Я сказал Надежде Григорьевне, что зайду обязательно. Вернувшись домой, отдал жене покупки и тотчас же, не переодеваясь, побежал к старику. Агроном жил в конце улицы, у самого пруда. Дом его — беленький, с голубыми ставнями — выходил окном на улицу. За домом — небольшой сад, огороженный частоколом. Когда-то дом этот принадлежал регентше церковного хора — чопорной и злой старухе по прозвищу Змейка. Той зимой, когда взяли попа нашего, отца Александра, Змейка за бесценок продала дом молодому агроному, а сама уехала к дочерям, в Каширу. Алексей Иванович, как и мой отец, мало заботился о своем «поместье». Дом от времени осел, накренился; давно не крашенная железная крыша поросла мохом.

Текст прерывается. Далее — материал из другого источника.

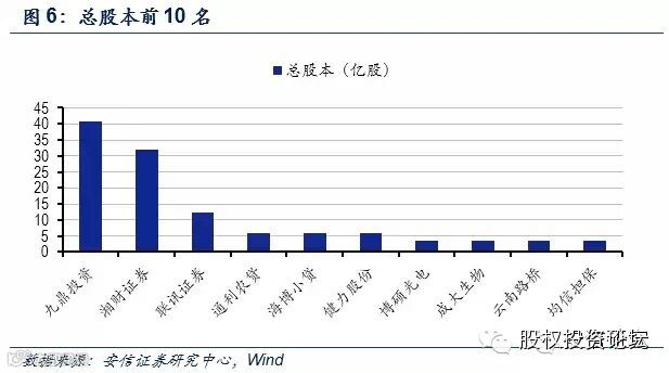 7. 总股本排名:九鼎投资、湘财证券和联讯证券居前

К пруду можно было пройти проулком. Но тропинка оказалась скользкой. Пришлось спускаться улицей. На углу улицы, перед пожаркой, изба Матвея Колоскова. Когда я поравнялся с Колосковыми, то заметил на лавочке бабку Алену — мать Матвея. В потертом плисовом казакине; на голове, словно у молодухи, цветастый платок, на ногах — белые катанки с галошами. Старуха всегда сидит на лавочке. Будто гном лесной — маленькая, сгорбленная.
Поравнявшись с ней, я поздоровался.
— Это кто? — спросила она, встрепенувшись.
Я назвал себя.
— A-а, это ты, Андрей?! Подойди, посиди со мной. Все идут мимо, и никто не остановится. Никому нет дела до меня, старой.
Я подошел. Старуха приставила посох к завалинке и начала ощупывать меня. Она ощупала пальто, руки и наконец лицо.
— Ишь ты какой! Пальто-то, поди, драповое? — заговорила она. — Я не видала, каким ты с войны пришел. Зато ить помню, каким был, когда я тебе пупок завязывала. Вот такой крошка. — Бабка Алена показывала, каким я был, когда она завязывала мне пупок. — Махонький, а горластый, ужасть! Вы все — и ты, и Федор, и Степаха. Вот удивленье ведь! В жизни ты тихой, а махонький— крикущ был, страсть! Чего ни делали с тобой: и сквозь хомут продевали, и молоком от черной коровы поили — не помогало. Сглазил, видать, нечистый… Сичас радиво, електричество… где ему нечистому-то быть! А бывало, ведь гривы лошадям ночью заплетал… детей портил…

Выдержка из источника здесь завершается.